Тьма. На краю сцены появляется фрагмент комнаты АЛЬБИНЫ. Окно с белыми шторами. Кровать. Свеча на столе. АЛЬБИНА с шарфом, обмотанным вокруг головы и плеч, ждёт у окна. На другой стороне сцены, в сумерках фрагмент комнаты ГЕНЕ. ГЕНЕ стоит у окна. ОТЕЦ и МАТЬ сидят на скамейках. РАССКАЗЧИК стоит на краю сцены. – – – АЛЬБИНА в испуге. Она не может поверить, что слышит шаги. Она бежит к двери и открывает её. АНТАНАС стоит в дверях. На мгновение оба не двигаются. АНТАНАС входит внутрь, АЛЬБИНА обнимает его.
АЛЬБИНА. Антанас... Антанас...
АНТАНАС. Да, Альбина! – – – Да!
АЛЬБИНА. Дорогой, ты очень устал, садись.
АНТАНАС садится на кровать, АЛЬБИНА садится рядом с ним, хватает его за руки и смотрит на него. АНТАНАС нервно поднимается, подходит к окну, смотрит наружу, несколько раз осторожно стучит по стене.
АНТАНАС. Здесь безопасно?
АЛЬБИНА. Как в лесу. Соседка вдова с четырьмя младенцами. Она перестала слушать язык мира. (АНТАНАС снова садится.) А я сама мало говорила в своём вынужденном вдовстве.

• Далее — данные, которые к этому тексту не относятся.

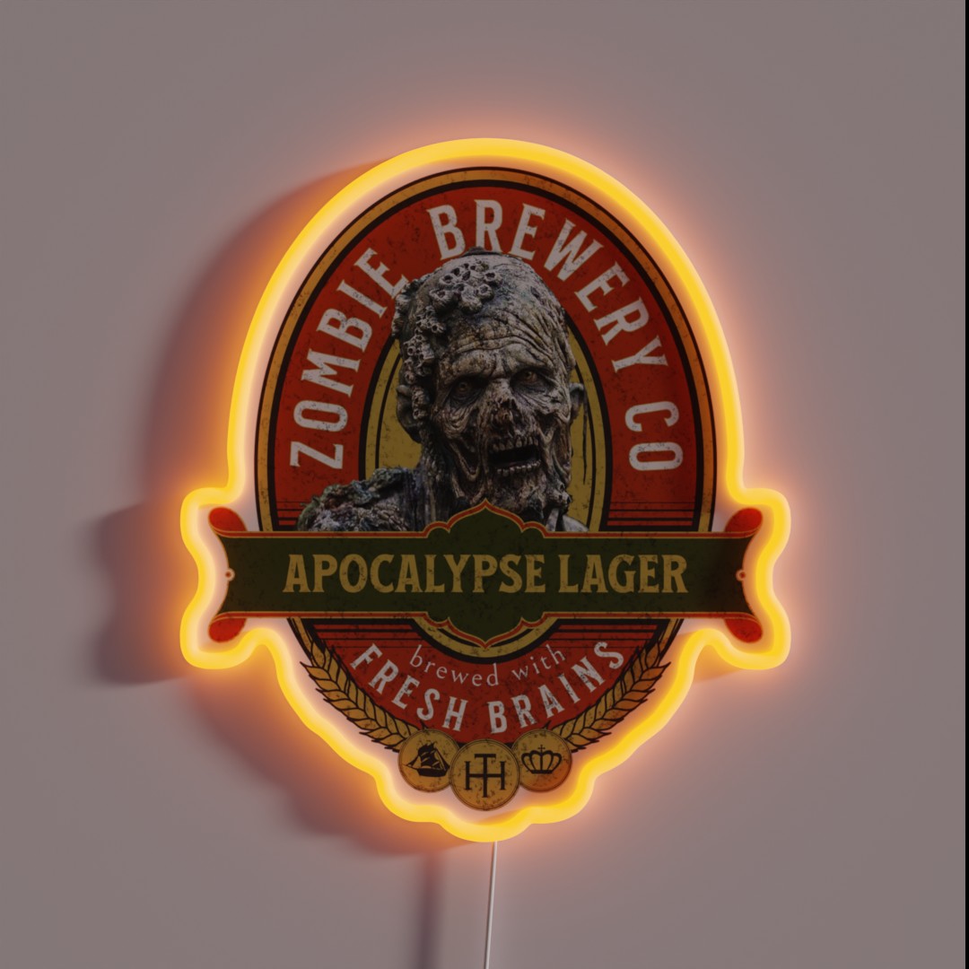 Add a chilling twist to your home bar with this vibrant RGB neon sign featuring the Zombie Apocalypse Beer Label design from Zombie Brewery Co, perfect for Halloween enthusiasts and beer lovers alike.
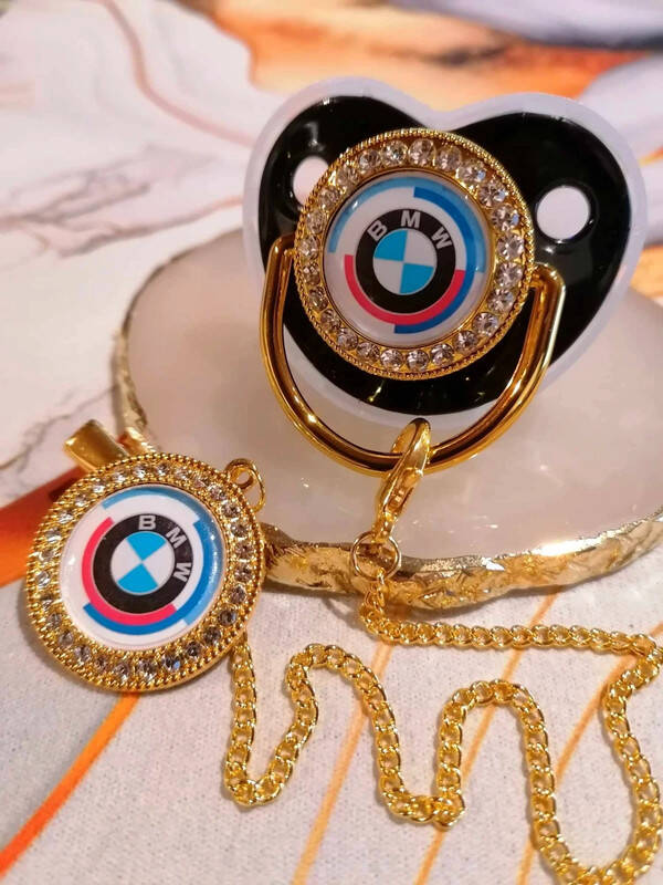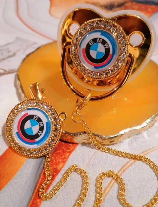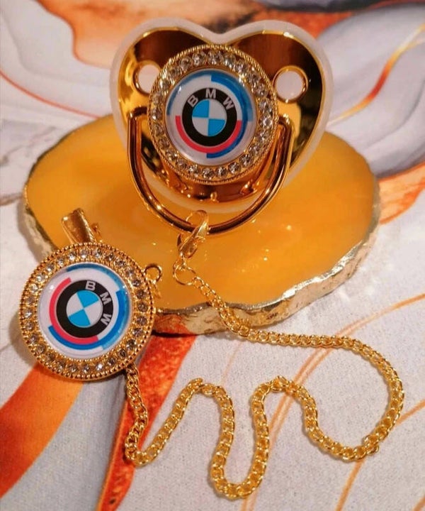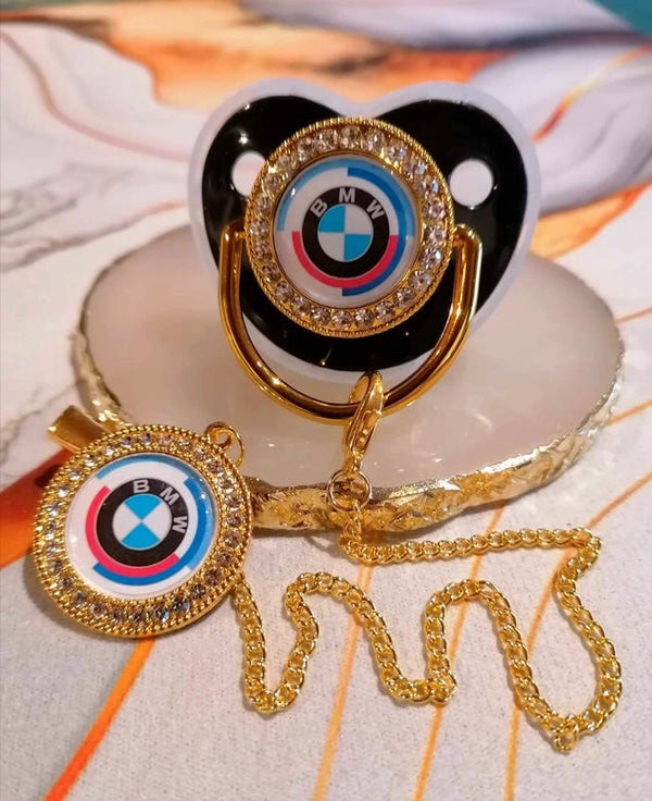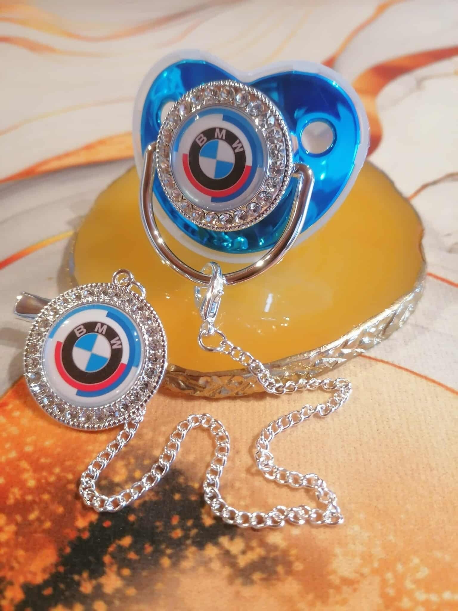 Tétine Strass avec Attache BMW 50 Ans – Forme Physiologique – 5 Coloris Disponibles 🚗✨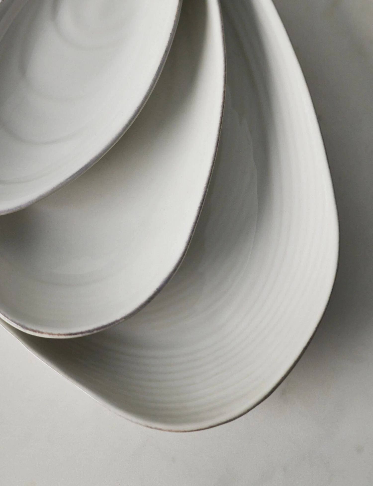 In the Aparte collection, organic lines pair with a pearly gloss finish and subtly contrasted rim to offer a versatile appeal that will blend seamlessly into any dinnerware set. Whether building a bespoke dinnerware collection or filling out an existing one with essential accents, these nesting trays are the perfect accent for entertaining or everyday kitchen decor.

АНТАНАС. Ты скоро заметишь, что мои слова тоже стали скупыми и неуклюжими.
АЛЬБИНА. Потом мы будем молча смотреть друг на друга на этой кровати десять лет. (Молчание.) Ты опоздал. Что-то случилось?
АНТАНАС. Нет, всё по плану.
АЛЬБИНА. Ты где-то останавливался?
АНТАНАС (момент колебания). Нет. Только на опушке леса переодеться.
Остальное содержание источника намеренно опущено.